Genetic associations and phenotypic heterogeneity in the craniosynostotic rabbit

Abstract

Craniosynostosis (CS) is a disorder that involves the premature ossification of one or more cranial sutures. Our research team has described a naturally occurring rabbit model of CS with a variable phenotype and unknown etiology. Restriction-site associated DNA (RAD) sequencing is a genomic sampling method for identifying genetic variants in species with little or no existing sequence data. RAD sequencing data was analyzed using a mixed linear model to identify single nucleotide polymorphisms (SNPs) associated with disease occurrence and onset in the rabbit model of CS. SNPs achieving a genome-wide significance of p ≤ 5 x 10-8 were identified on chromosome 2 in association with disease occurrence and on chromosomes 14 and 19 in association with disease onset. Genotyping identified a coding variant in fibroblast growth factor binding protein 1 (FGFBP-1) on chromosome 2 and a non-coding variant upstream of integrin alpha 3 (ITGA3) on chromosome 19 that associated with disease occurrence and onset, respectively. Retrospective analysis of patient data revealed a significant inverse correlation between FGFBP-1 and ITGA3 transcript levels in patients with coronal CS. FGFBP-1 and ITGA3 are genes with roles in early development that warrant functional study to further understand suture biology.

Fig 1. Graphical representation of p values obtained from MLM analysis of RAD sequencing data.

Panels correspond to disease occurrence (1a, 1c) and age-of-onset (1b, 1d). For Manhattan plots (1a, 1b) the x axis corresponds to the genomic position of the autosomes and the y axis shows the −log10 of the p value. The horizontal red line corresponds to the genome-wide significance threshold of p ≤ 5 × 10⁻⁸. For regional association plots (1b, 1d) the x axis corresponds to the chromosomal position and the y axis shows the −log10 of the p value. Genes in the region are shown below (not to scale).

Fig 2. Linkage disequilibrium pattern (D’) and minor allele frequencies (MAF) for disease occurrence (2a, 2b) and age-of-onset (2c, 2d).

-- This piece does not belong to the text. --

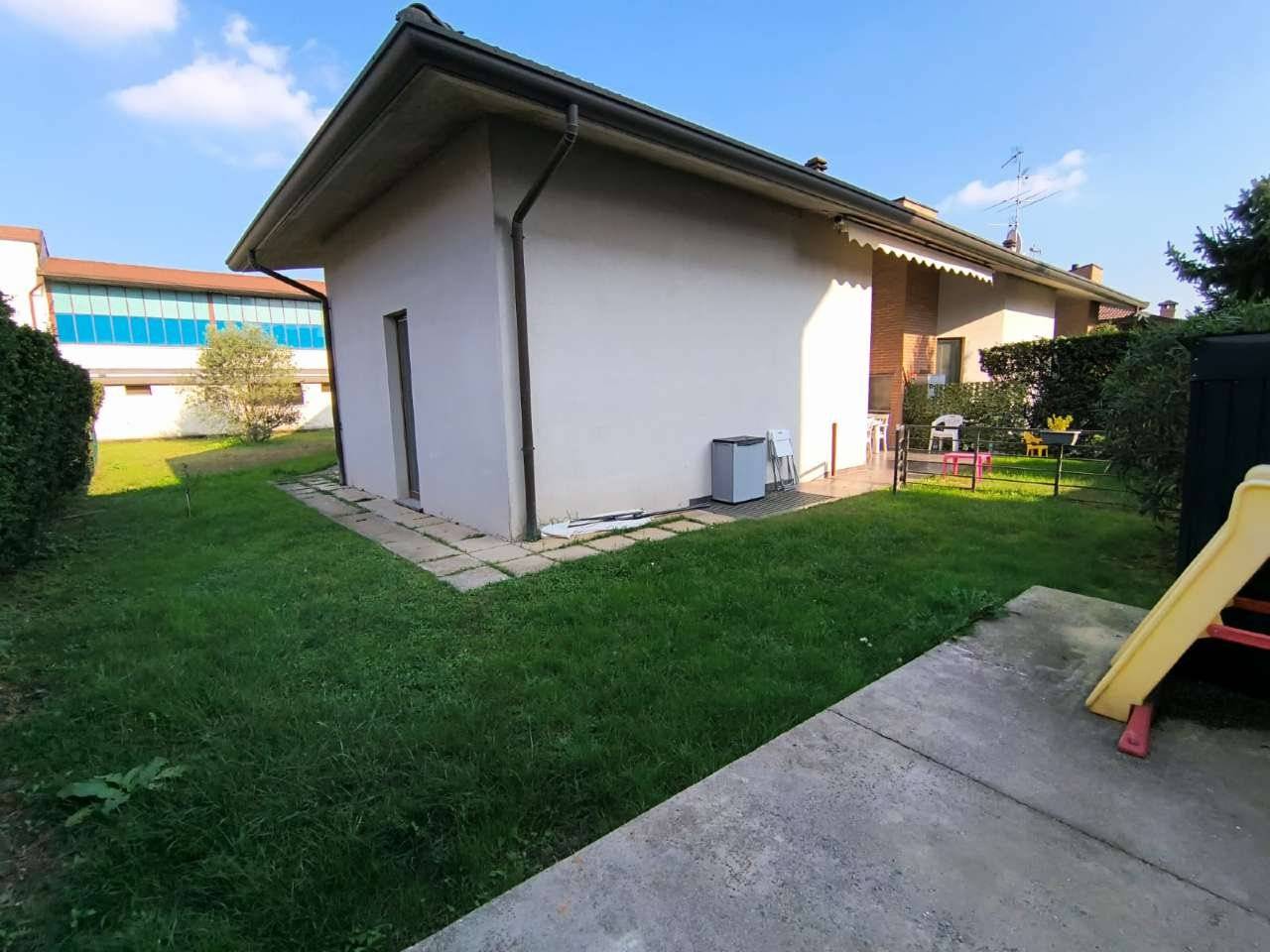 Per chi ha il pollice verde e cerca un vero giardino, in posizione centrale defilata in prossimità delle scuole, perfetta porzione di villa bifamiliare libera sui tre lati posta su un lotto di terreno di c.a. 500 m² completamente pianeggiante. Realizzata interamente in calcestruzzo armato e pareti in paramano, con gronde sporgenti , canali in rame ed ampi porticati, già rivestita con cappotto termico e ora completa di impianto fotovoltaico di 6 Kw con 5 Kw di batteria di accumulo. Disposta su un piano abitativo di oltre 80 m² con un classico ingresso, un soggiorno , con un'ampia vetrata scorrevole e sbocco sul giardino, che trova una parete tv servita da una canna fumaria che permette, agli appassionati della fiamma, di allestire un vero camino a legna piuttosto che una stufa a pellet . Ancora una la sala da pranzo distinta dalla cucina abitabile ed entrambe con sbocco sul patio esterno coperto dal profondo ed alto porticato con affaccio interno e sempre discreto, dove allestire il tavolo ed il BBQ. Ancora, sul piano una prima zona notte disimpegnata composta da una grande camera matrimoniale ed un bagno padronale. Il piano mansarda è di c.a. 50 m² è composto da due camere, una con balcone, ed un bagno con doccia. Il piano interrato, che intero misura 80 m², offre un grande spazio open di c.a. 50 m² dove troviamo la grande taverna con cucina attrezzata, con bocche lupaie che garantiscono sempre una buona illuminazione ed una perfetta areazione. Ancora un bagno completo, un locale lavanderia distinto, ed una centrale termica. Comodissima la comunicazione diretta al doppio box in larghezza. Nuovi i serramenti in alluminio a taglio termico e nuova la caldaia a condensazione appena montata. Immobile in ottime condizioni. Pronto per essere subito abitato.

Linkage blocks were identified in Haploview (2a, 2c). A standard color scheme is used to display LD with bright red color for very strong LD (LOD = 2 D' = 1), white color for no LD (LOD<2, D'<1), pink red (LOD = 2 D'<1), and blue (LOD<2 D' = 1) for intermediate LD. Analysis of Variance (ANOVA) revealed significant differences in allelic distribution for all groups within the linkage block on chromosome 2 and between EOS rabbits and all other populations within the linkage block on chromosome 19.

Fig 3. Pedigree of the CS rabbit colony.

Colony animals were retrospectively genotyped for an A → G transition located within the FGFBP-1 coding region at chromosomal position 2:6,430,107 and for a C → G transversion located upstream of ITGA3 at chromosomal position 19:37,599,083. Biallelic genotypes are reported for FGFBP-1/ITGA3. Color-coding for phenotype is summarized in the figure key.

Fig 4. Growth across the coronal suture by diagnosis and by genotype.

Radio-opaque amalgam markers anterior and posterior to the coronal suture during initial diagnosis at 10 days of age. Radiographic growth measurements were made at day 25 (■) and day 42 ($■$) as described in Methods. Two-way ANOVA revealed significant differences in growth rates when animals were grouped by diagnosis (4a). More granular distinctions were evident within the population when animals were grouped by genotype (4b). Progressive accumulation of variant alleles at the two loci correlated with increasing growth restriction. Significant growth restriction was evident in heterozygotes with the AG/CG genotype when compared to the reference AA/CC genotype (p < 0.001) or to the single variant AA/CG genotype (p < 0.05). Animals with the GG/CG genotype exhibited significantly different growth compared to all other groups (p ≤ 0.0001) and animals with the GG/GG genotype exhibited significantly different growth compared to all other groups (p ≤ 0.0001) as denoted by an asterisk (*).

Fig 5. FGFBP-1 expression negatively correlates with ITGA3 expression in patients with fusion of the coronal suture but not in patients with fusion of the metopic or sagittal sutures.

Scatter plots describing the correlation between FGFBP-1 and ITGA3 expression were prepared for a patient cohort consisting of 199 patients and controls [4]. Patient samples were associated with isolated fusion of the coronal, metopic, or sagittal sutures. No correlation was evident within the control population (5a). A significant (p ≤ 0.0155) negative correlation was evident in patients with isolated coronal suture fusion (5b). Correlation of gene expression with isolated metopic (5c) or sagittal (5d) suture fusion fell below the level of significance suggesting that this interaction may be unique to the coronal suture.